A half dozen soul-traps hang from his throat. He likes to leave his fur cloak open, so they’re visible. One of them calls to me, the wisp of pale blue mist caressing the glass it’s trapped within as if it can sense me.
My soul.
It was cut from me the night I was born in order to ensure my loyalty. With it, he owns me. Without it I can never truly escape, for he can snuff my life simply by closing his fist around that small crystal cylinder and crushing it.
I’ve heard stories of my birth. There’s something about the meld of wraith and fae that often makes delivering a half-born child difficult. Some say it’s the curse cast upon us, fighting to twist the fae mother’s magic. In defense, my mother’s power sought to protect her, which nearly killed me. My father cut me from her womb in order to save my life, and she was left to bleed to death in her bed as he beheld all his hopes and dreams... and found them utterly lacking.
I was small, sickly, and gleaming like mother-of-pearl. In the eyes of my father, who had hoped for a strong child born of two powerful bloodlines, I was an abject failure. He cast me at a wet nurse and told her that if I lived, then I was to be brought before him at the age of five in order to see if anything could be redeemed of my worth.

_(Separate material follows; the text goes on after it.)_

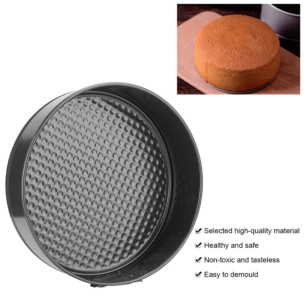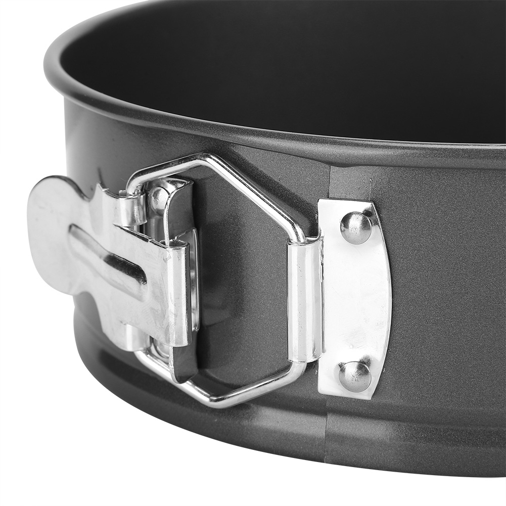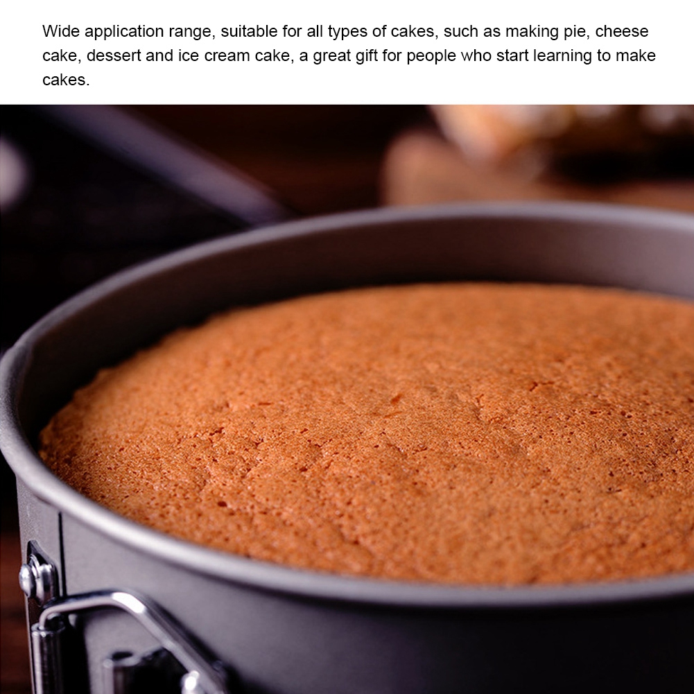 1、Using double-layer thickened carbon steel material, lightweight, high strength, not easy to deform, fast heat transfer and shorten baking time, more convenient to use. 2、The use of high temperature resistant and food grade non-stick coating, acid and alkali resistant, non-toxic, healthy and safe to use, making the cake perfectly demolded. 3、Lock-shaped structure and removable bottom, and the unlock button is easy to take off the cake after baking, which makes baking easier and cleaning more convenient and quick. 4、The special bottom makes the cake more evenly heated, non-stick carbon steel cake mold effectively avoids scorching, bringing more convenience for your cake baking DIY at home. 5、Wide application range, suitable for all types of cakes, such as making pie, cheese cake, dessert and ice cream cake, a great gift for people who start learning to make cakes.
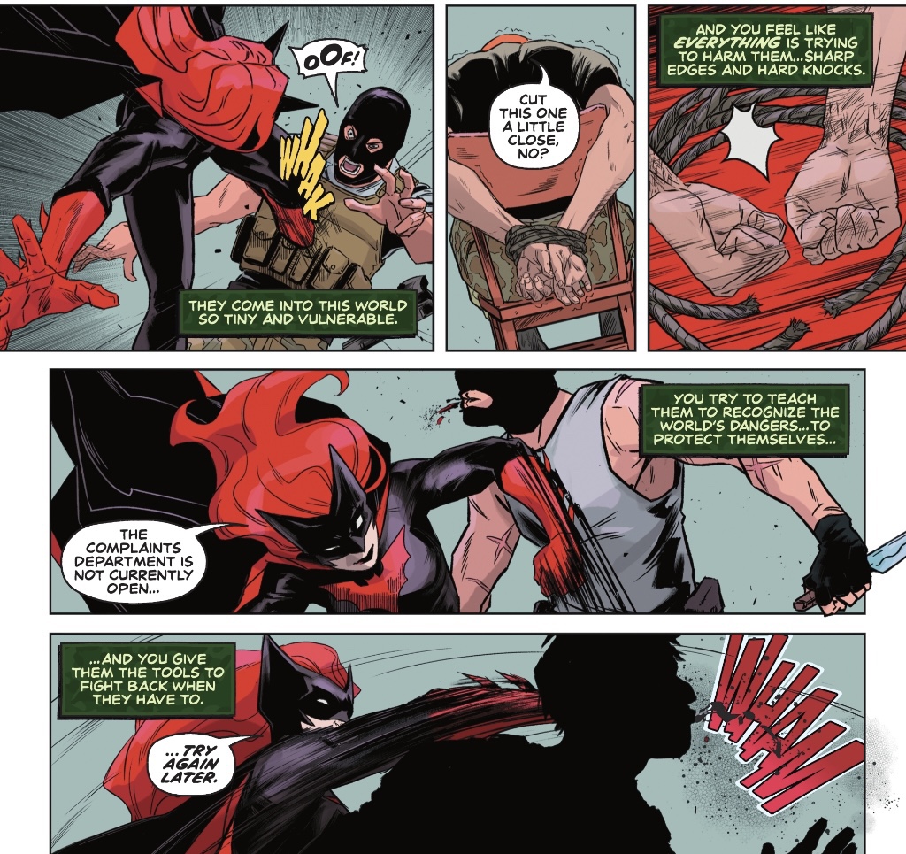 Batwoman rescues her dad as he thinks about what a great, strong daughter she is. The art is suitably kinetic.

The first I knew of the world was the small hovel where I was raised. The potential of my bloodlines was too important for the wet nurse, Thia, to dare let me starve, but there was no kindness to be found among the several bastards she raised in exchange for my father’s coin. With three older “brothers” and a “sister” who liked to cuff me when nobody was looking, there were only scraps of food to eat, and a small nest of hay under the bed to sleep in.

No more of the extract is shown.